Grenzkostenrechnung für Auto und ÖPNV
Leute, die schon ein Auto haben, rechnen pro Fahrt meist nur noch die Treibstoffkosten. Somit erscheint das Auto immer günstiger als der ÖPNV. Das wird häufig kritisiert, aber ganz falsch ist es auch nicht. Nur unvollständig.
Zuerst einmal einige Wörter, die wir brauchen werden: Das eine sind Fixkosten, die man also unabhängig von der Nutzung mit einer Sache hat. Das sind die Anschaffungskosten vom Auto und Steuern, in gewisser Weise auch die Versicherung. Dann gibt es die Grenzkosten, also jene Kosten die pro zusätzlichem Kilometer anfallen. Zuletzt haben wir die Gesamtkosten, also einfach alle Kosten, die insgesamt anfallen. Daraus kann man dann die Durchschnittskosten pro Kilometer errechnen, die eben nicht direkt die Grenzkosten sind.

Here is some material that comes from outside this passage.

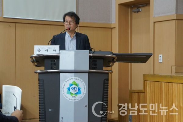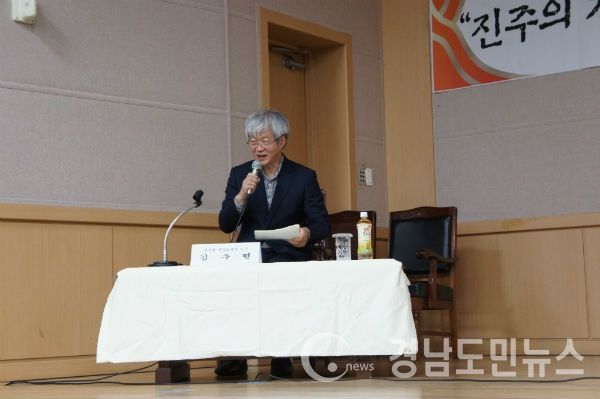| 진주성광장 조성에 대해 설명하고 있는 김수현교수의 모습/ 사진=조권래 |
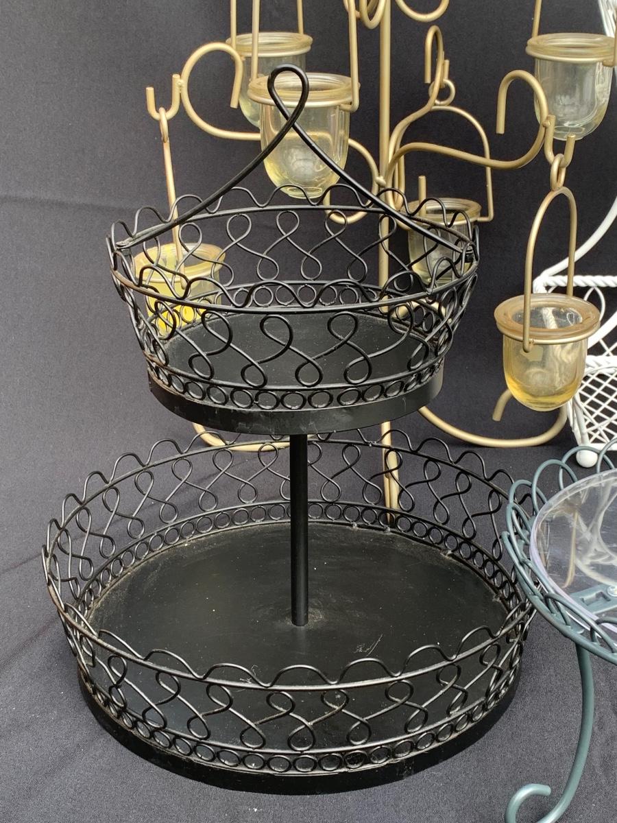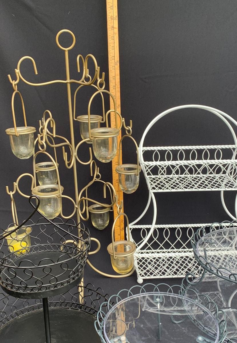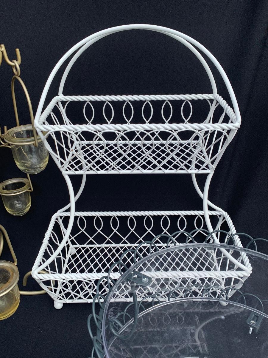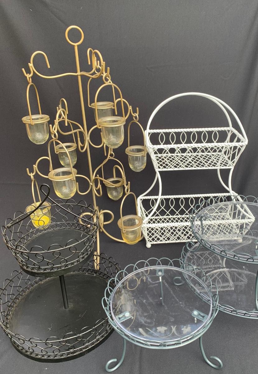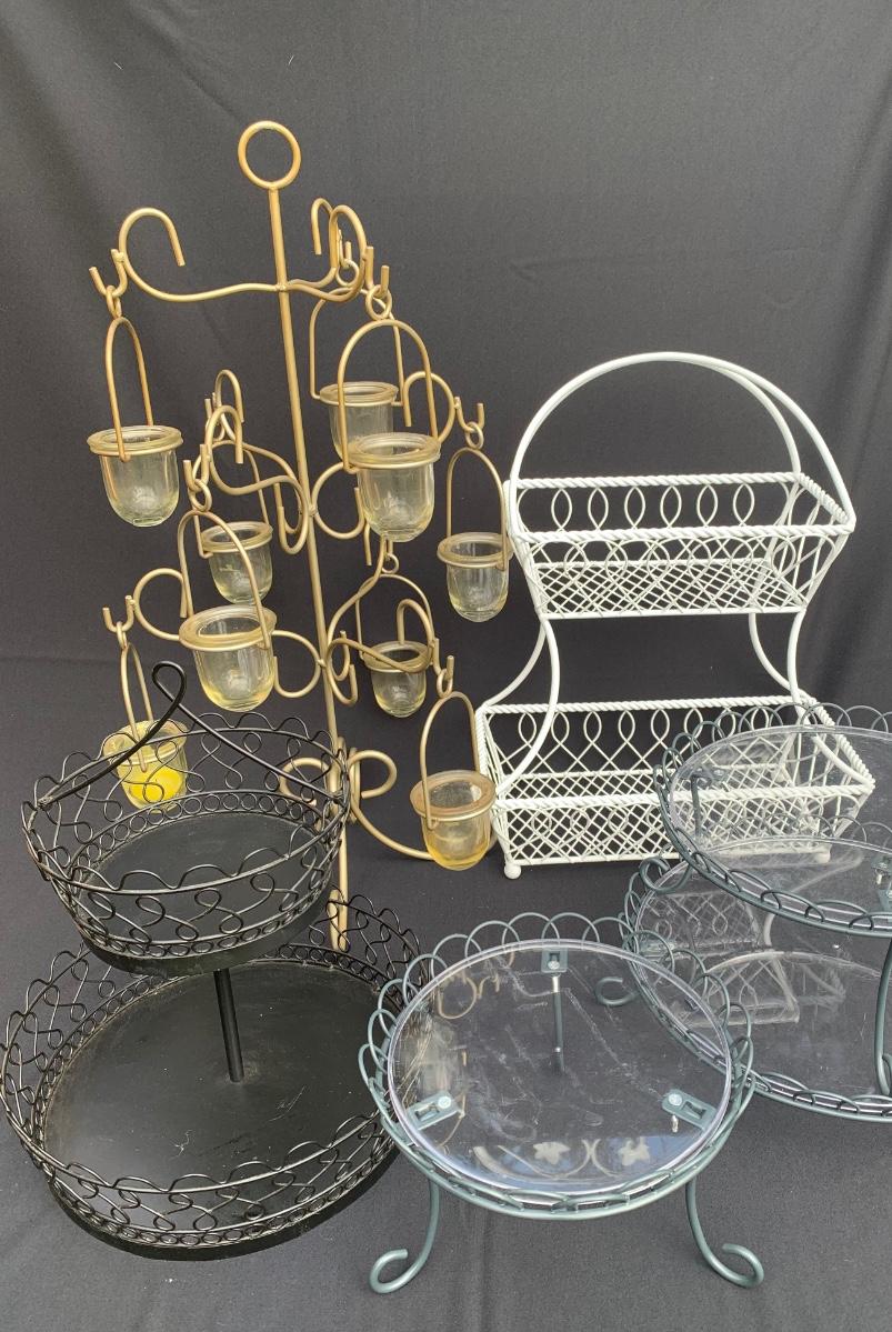 LOT 17R: Hanging Candle Holder, Wire Baskets, Tiered Serving Trays

In den Diskussionen in den sozialen Medien wird häufig bemängelt, dass Autofahrer*innen immer nur auf die Treibstoffkosten schauen würden und ausblenden, dass das Auto ja hohe Anschaffungskosten haben. Die Autofahrer*innen bemängeln die hohen Kosten für Einzelfahrscheine beim ÖPNV. Da wird gegengehalten, dass man fairerweise ja das Abo rechnen muss. Wir müssen also mehrere Fälle betrachten, nämlich ob ein Auto vorhanden ist, und ob ein ÖPNV-Abo vorhanden ist.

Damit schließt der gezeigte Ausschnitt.